**WHAT IS REQUIRED**. Write the listing out once more, identical to the original but without pictures.

**RAW DATA**.

--*--

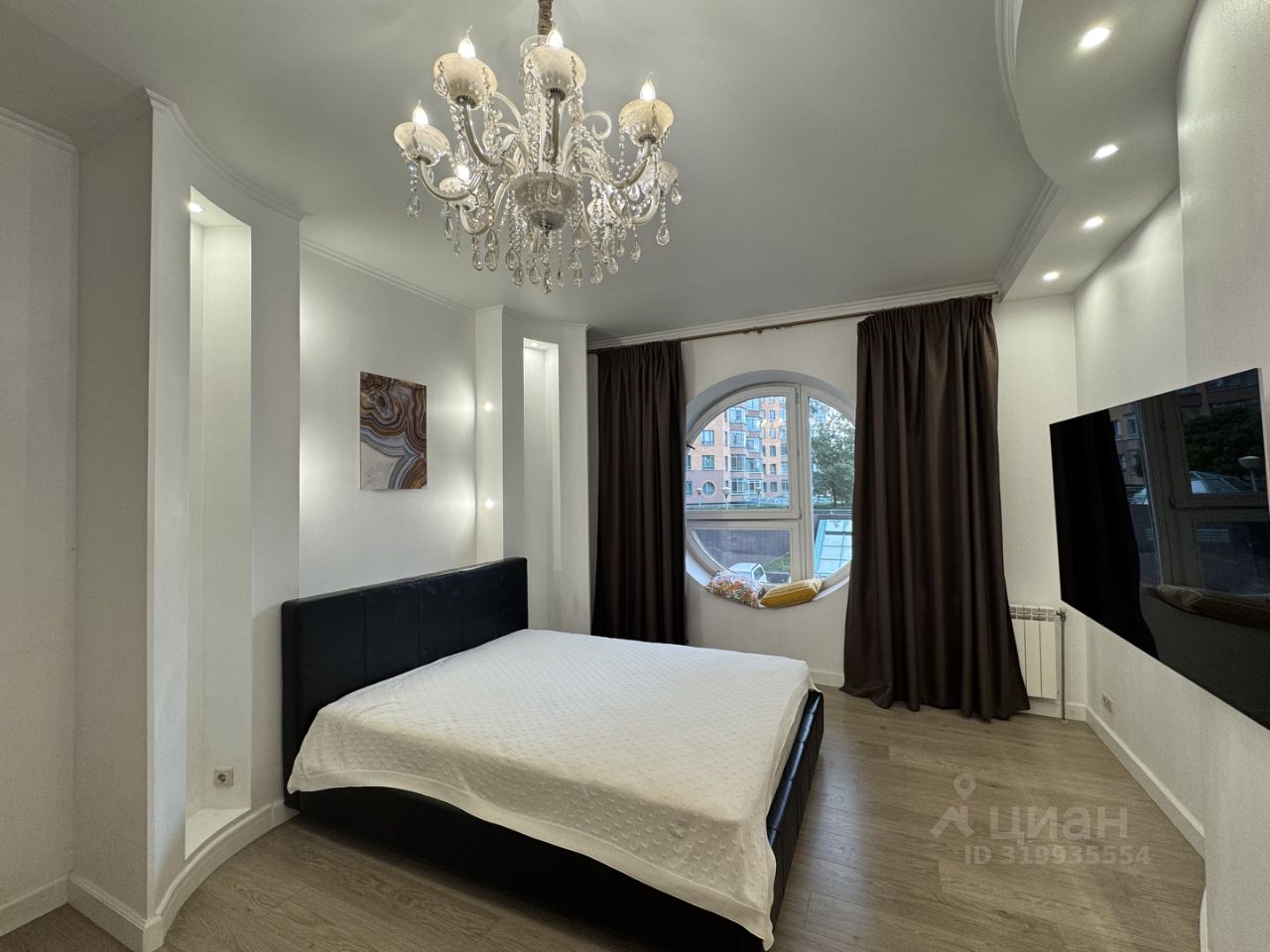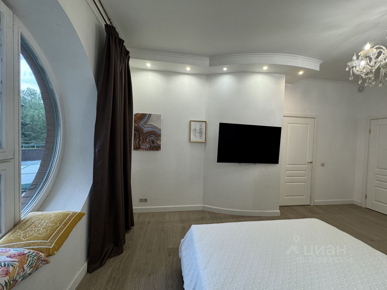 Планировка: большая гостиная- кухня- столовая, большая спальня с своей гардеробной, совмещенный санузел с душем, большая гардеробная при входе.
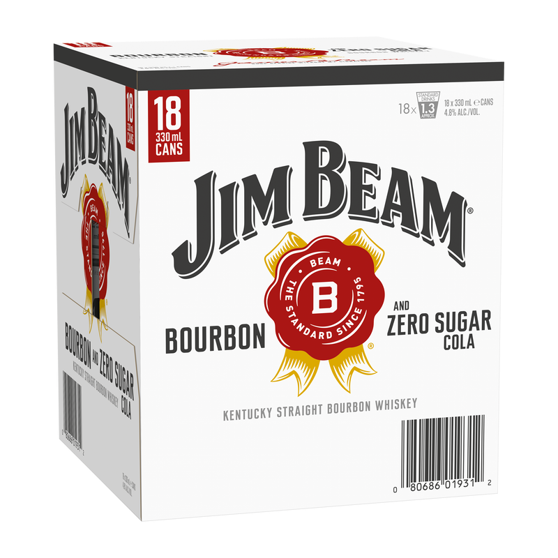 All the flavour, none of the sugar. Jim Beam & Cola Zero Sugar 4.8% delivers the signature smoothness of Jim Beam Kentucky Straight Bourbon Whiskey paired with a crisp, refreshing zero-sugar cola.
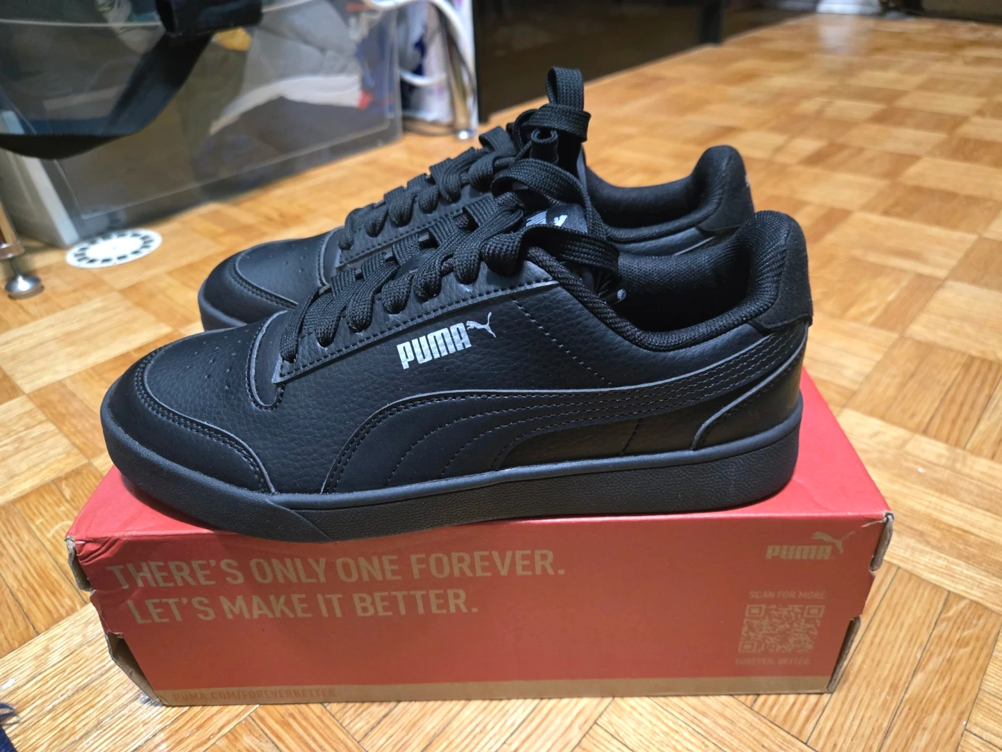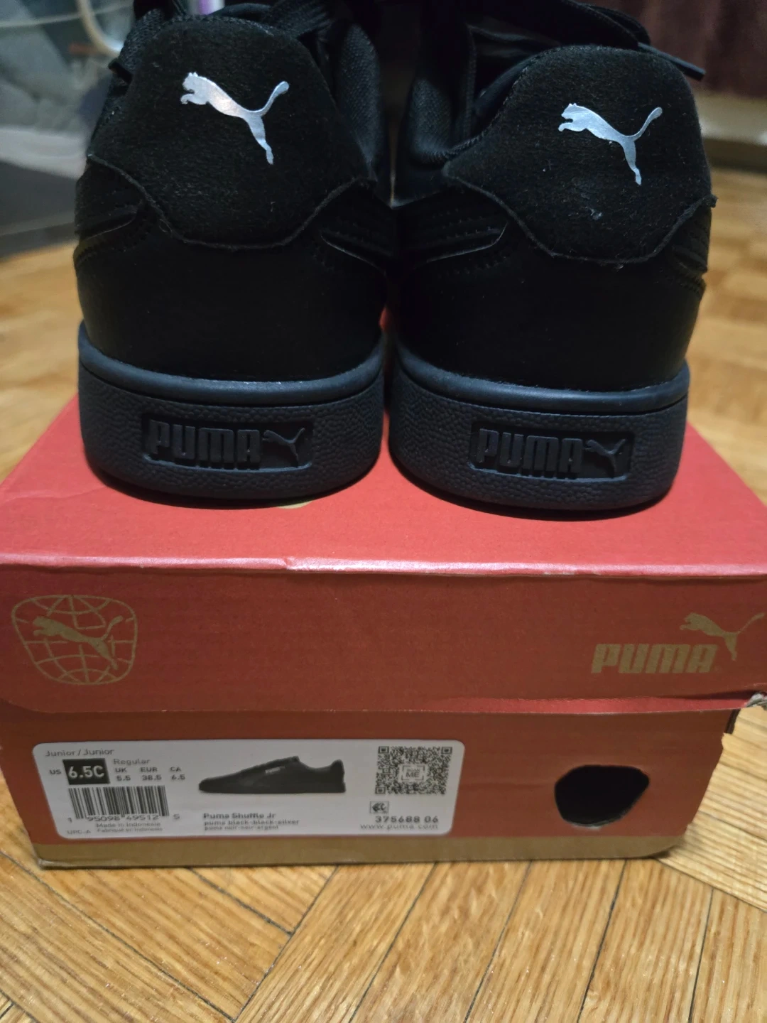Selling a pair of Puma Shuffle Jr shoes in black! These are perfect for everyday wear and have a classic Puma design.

--*--

**REPLY**.
 Планировка: большая гостиная- кухня- столовая, большая спальня с своей гардеробной, совмещенный санузел с душем, большая гардеробная при входе.
 All the flavour, none of the sugar. Jim Beam & Cola Zero Sugar 4.8% delivers the signature smoothness of Jim Beam Kentucky Straight Bourbon Whiskey paired with a crisp, refreshing zero-sugar cola.
Selling a pair of Puma Shuffle Jr shoes in black! These are perfect for everyday wear and have a classic Puma design.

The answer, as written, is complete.